Influence of nano-Al2O3 particles on the microstructure and wear resistance of the nickel-based alloy coating deposited by plasma transferred arc overlay welding

Nickel-based alloys powders with and without nano-Al2O3 (α-Al2O3) addition (Al2O3-free and Al2O3-added, respectively) were deposited on Q235A low carbon steel using plasma transferred arc (PTA) welding machine. Microstructures of the two deposited coatings were studied by optical microscopy, scanning electron microscopy (SEM), X-ray diffraction (XRD) and transmission electron microscope (TEM). More details about the phase compositions and their mass fractions in the deposited coatings were obtained with applying the Rietveld refinement method to analyze XRD patterns. Wear resistance experiment was conducted on one sliding wear machine to value the deposited coatings. The results show that the typical hypoeutectic microstructure and the component segregation exist in the Al2O3-free coating where consists of γ (Ni, Fe), (Fe, Cr)7C3, and (Fe, Cr)2B phases.
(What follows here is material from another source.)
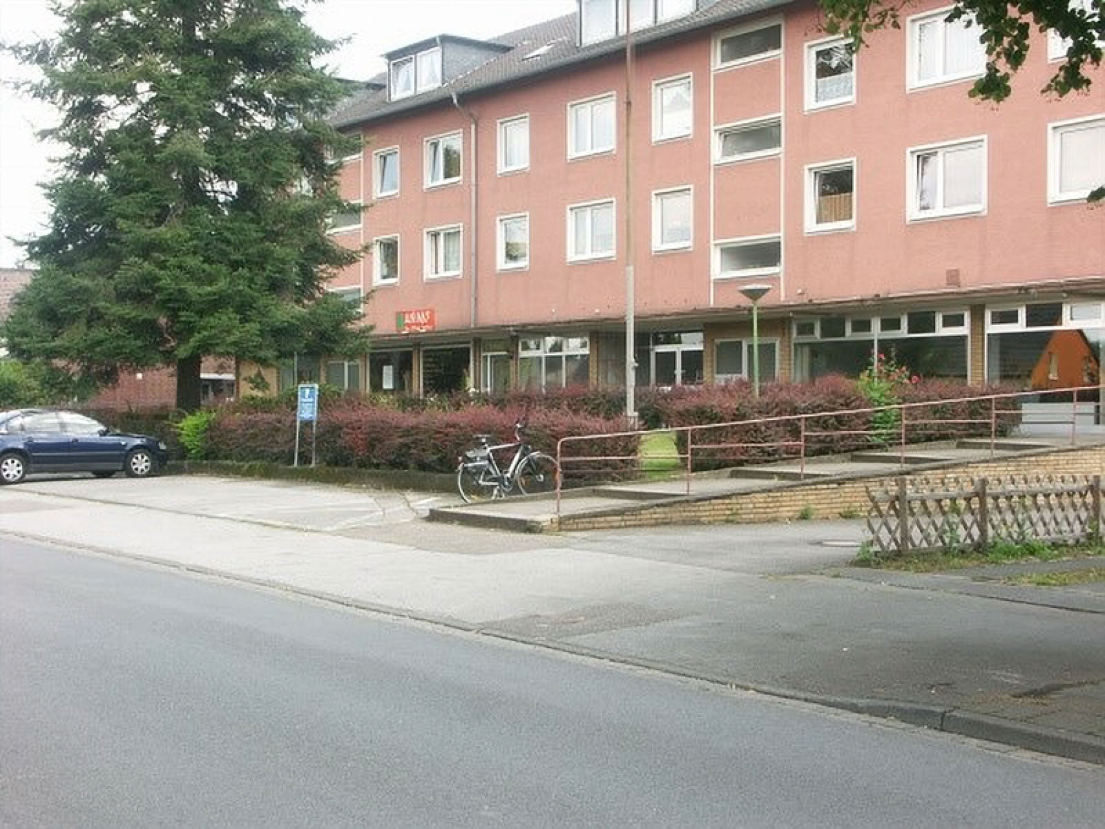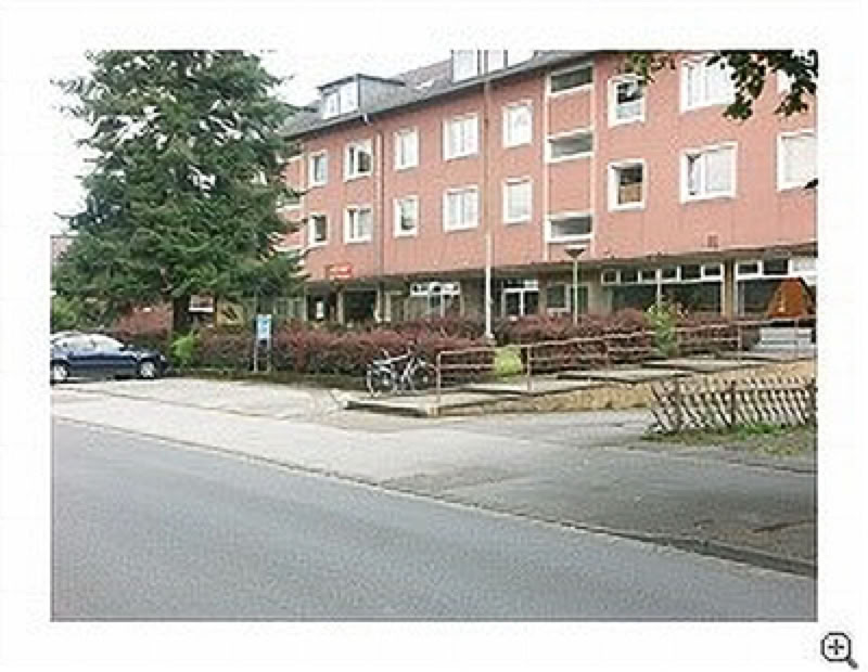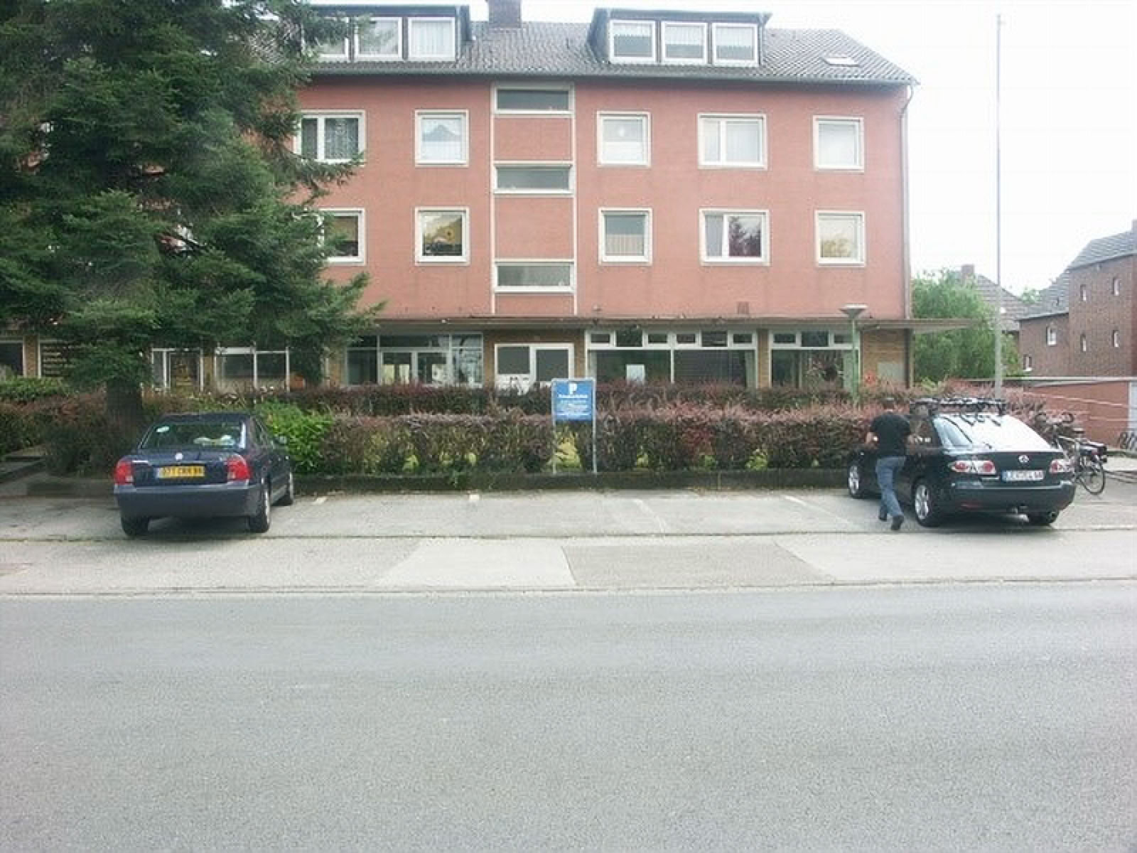 Standort des Kaiserlichen Postamtes war der Parkplatz und die Grünfläche vor dem 1961 erbauten Verwaltungsgebäude im Juni 2006

Adding 0.8 wt.% nano-Al2O3 particles does not change the hypoeutectic microstructure characteristics of the Al2O3-free coating, though refines its microstructure and decreases its component segregation. The nano-Al2O3 particles being mainly tetragonal lattice (γ-Al2O3) which is different to that the added α-Al2O3 particles being rhombohedral lattice exist in the Al2O3-added coating. Adding nano-Al2O3 particles increases the mass fraction of the (Fe, Cr)2B phase and decreases that of the (Fe, Cr)7C3 phase, though such adding has little effect on the mass fraction of the total (Fe, Cr)-rich phases. The substructure of the Al2O3-free coating is mainly dislocations. Adding nano-Al2O3 particles promotes to form stacking faults and dislocation cell wall. The sliding wear resistance of the Al2O3-added coating is higher than that of the Al2O3-free coating.